__Assignment__. A single number is wanted: how many lines of the records below contain the word "ebenfalls".

__Supplied material__.
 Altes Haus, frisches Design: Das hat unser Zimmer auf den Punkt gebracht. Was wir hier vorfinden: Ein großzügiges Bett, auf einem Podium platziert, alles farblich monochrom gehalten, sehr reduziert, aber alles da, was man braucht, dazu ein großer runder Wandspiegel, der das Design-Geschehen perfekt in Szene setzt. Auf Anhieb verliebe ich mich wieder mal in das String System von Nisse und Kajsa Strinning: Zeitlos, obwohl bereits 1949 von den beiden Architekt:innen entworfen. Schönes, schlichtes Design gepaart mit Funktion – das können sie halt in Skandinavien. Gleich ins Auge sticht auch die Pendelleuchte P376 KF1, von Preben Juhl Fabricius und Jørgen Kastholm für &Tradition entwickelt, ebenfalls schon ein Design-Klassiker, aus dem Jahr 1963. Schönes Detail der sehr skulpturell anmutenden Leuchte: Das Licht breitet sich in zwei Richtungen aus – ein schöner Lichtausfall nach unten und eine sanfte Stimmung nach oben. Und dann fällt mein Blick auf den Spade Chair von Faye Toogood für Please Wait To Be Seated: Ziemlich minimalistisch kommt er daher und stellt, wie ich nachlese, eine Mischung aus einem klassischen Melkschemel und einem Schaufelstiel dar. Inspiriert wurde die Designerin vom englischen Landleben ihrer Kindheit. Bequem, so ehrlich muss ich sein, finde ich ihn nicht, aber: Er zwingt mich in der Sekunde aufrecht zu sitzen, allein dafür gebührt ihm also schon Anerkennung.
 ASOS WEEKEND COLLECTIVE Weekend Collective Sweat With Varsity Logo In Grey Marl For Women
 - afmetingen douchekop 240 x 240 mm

...

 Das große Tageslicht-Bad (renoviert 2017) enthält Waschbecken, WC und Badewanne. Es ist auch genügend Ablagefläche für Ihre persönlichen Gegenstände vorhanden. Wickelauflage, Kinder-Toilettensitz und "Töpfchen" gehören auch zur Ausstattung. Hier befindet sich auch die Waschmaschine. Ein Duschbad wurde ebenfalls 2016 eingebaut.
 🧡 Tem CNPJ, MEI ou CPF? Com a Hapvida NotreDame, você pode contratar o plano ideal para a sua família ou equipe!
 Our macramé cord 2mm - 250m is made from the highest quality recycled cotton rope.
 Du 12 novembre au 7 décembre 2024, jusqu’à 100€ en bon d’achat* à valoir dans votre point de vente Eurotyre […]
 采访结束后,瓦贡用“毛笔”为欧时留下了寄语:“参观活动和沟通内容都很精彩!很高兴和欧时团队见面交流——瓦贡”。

...

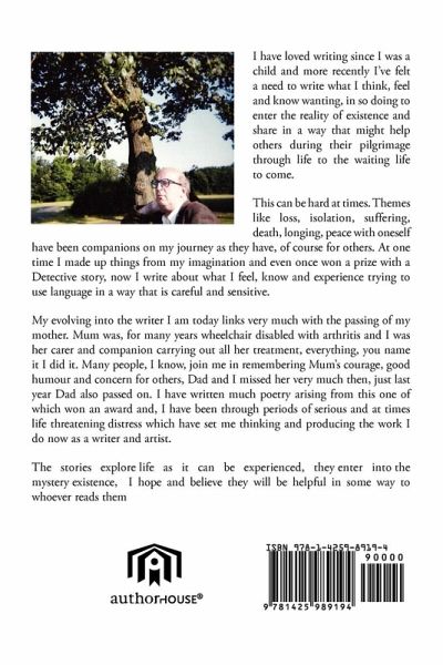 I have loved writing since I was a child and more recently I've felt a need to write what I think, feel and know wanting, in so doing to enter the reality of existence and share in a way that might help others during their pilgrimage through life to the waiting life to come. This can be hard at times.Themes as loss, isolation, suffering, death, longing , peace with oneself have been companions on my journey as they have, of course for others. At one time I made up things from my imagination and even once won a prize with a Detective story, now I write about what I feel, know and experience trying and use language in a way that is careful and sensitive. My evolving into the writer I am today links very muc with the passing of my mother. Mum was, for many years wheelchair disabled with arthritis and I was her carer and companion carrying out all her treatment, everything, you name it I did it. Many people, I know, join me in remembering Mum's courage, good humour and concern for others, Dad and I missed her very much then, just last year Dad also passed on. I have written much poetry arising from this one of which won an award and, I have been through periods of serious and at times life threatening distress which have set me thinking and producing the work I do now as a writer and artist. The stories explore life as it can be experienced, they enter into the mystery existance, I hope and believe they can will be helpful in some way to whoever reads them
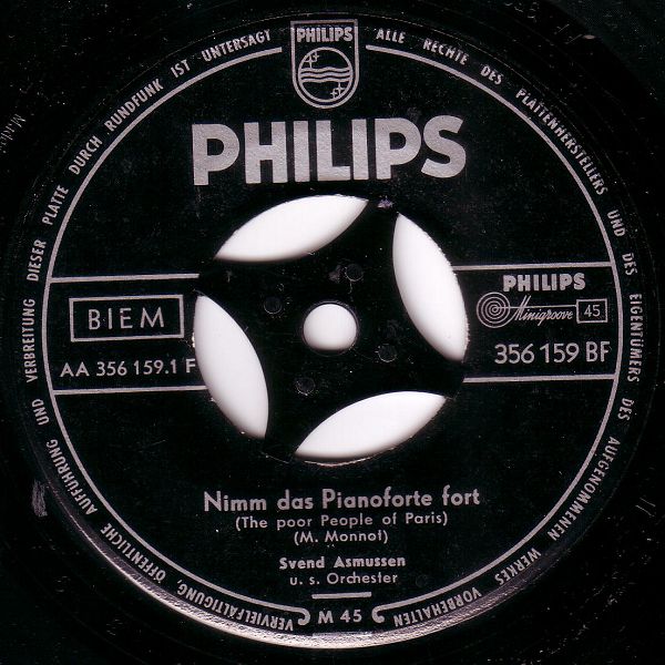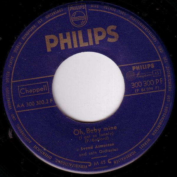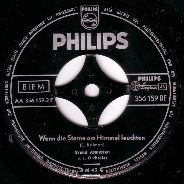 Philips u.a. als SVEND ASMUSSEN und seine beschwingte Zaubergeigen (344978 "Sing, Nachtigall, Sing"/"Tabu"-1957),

__Your response__. 2